Achieving comity: disciplinary border crossings with Guy Aston

1. Achieving comity: disciplinary border crossings with Guy Aston

We soon learn and soon forget that academic life is inescapably fractured, with different disciplines competing for our allegiance like rival fiefdoms. Part of the painful process of growing up is recognizing which of them provides the most congenial home for us, that is, which discipline best accepts whichever of the many identities we have necessarily been experimenting with throughout our adolescence. When, on meeting a new acquaintance we ask “and what do you do?”, we expect to be told not just their hierarchical status (I’m a researcher/ professor/ lecturer/ technician) but also their disciplinary credentials, names which are themselves signs of tribal affiliation. Only a qualified practitioner of (shall we say) “Data-Driven Discourse Analysis” or “English for Academic Purposes” or “Computer Assisted Language Learning” can determine whether a random acquaintance is truly of the same persuasion, a dangerous radical, a would-be disciple, or merely a bluffer. But the names are what matter. Deciding what it is that you really want to do, what it is that you really think, cannot be done in isolation, nor can it go unlabelled. You must find a distinctive name in terms of which to define yourself, making clear what you have in common with existing tribes and where you beg to differ: you must declare your allegiance -- or lack of it.

This is why it is difficult for truly interdisciplinary studies to gain a foothold in the academy, and also why, when they do, they risk succumbing to fossilisation as a new entrenched orthodoxy.

In this paper, I am trying to cross frontiers in various ways. I will use graphics and bullet points in my presentation, as I do when teaching, but the bulk of my argument will be in discursive prose, of the kind I would normally prefer to read silently.
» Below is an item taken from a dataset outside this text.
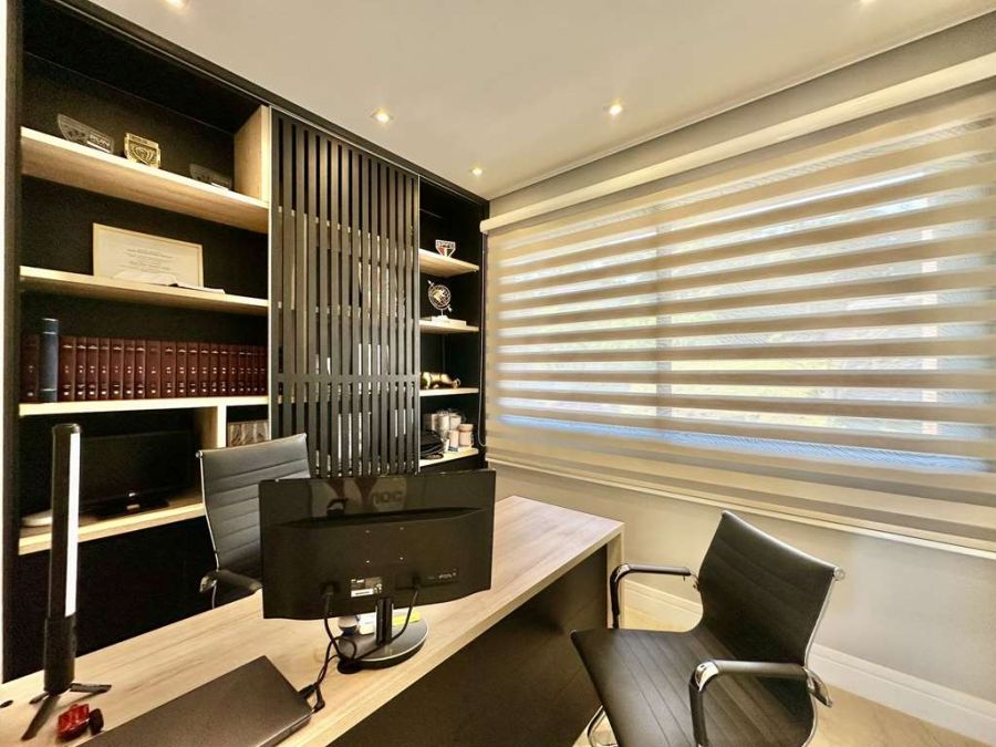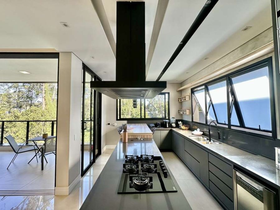 Espaços Planejados: O imóvel é totalmente repleto de armários planejados, com portas e janelas em alumínio preto e vidro, e persianas elétricas nos quartos para sua total comodidade.

I will present some material as if it were part of a course in sociology or history : this is how we used to persuade people to use corpora, or the BNC, or computers more generally, and these are the tools we had at our disposal. How quaint! How naive! But I will also try to show how Guy’s attitude to that necessary pedagogy enriched and complemented the activity, and I hope persuade you that his approach has more long-lasting implications and relevance.

I first met Guy in 1965 when we were both making the transition from smart lad at a good school to idiot freshman at an Oxford college. We enjoyed a close and more or less continuous friendship from then until his untimely death last year, experiencing together many of the mundane but essential rituals of growing up – getting a job, finding a place to live, finding a partner, celebrating birthdays and other significant milestones, and so on, and so on. But I am going to talk more about the professional components of our relationship than the personal ones, inextricably intertwingled though the two were. As how could they not be, since, as I have remarked before, Guy made a point of transforming his professional relationships into personal ones wherever possible. I want to focus on the period from about 1992 to 2007, during which our separate academic paths converged, and some effects of that convergence.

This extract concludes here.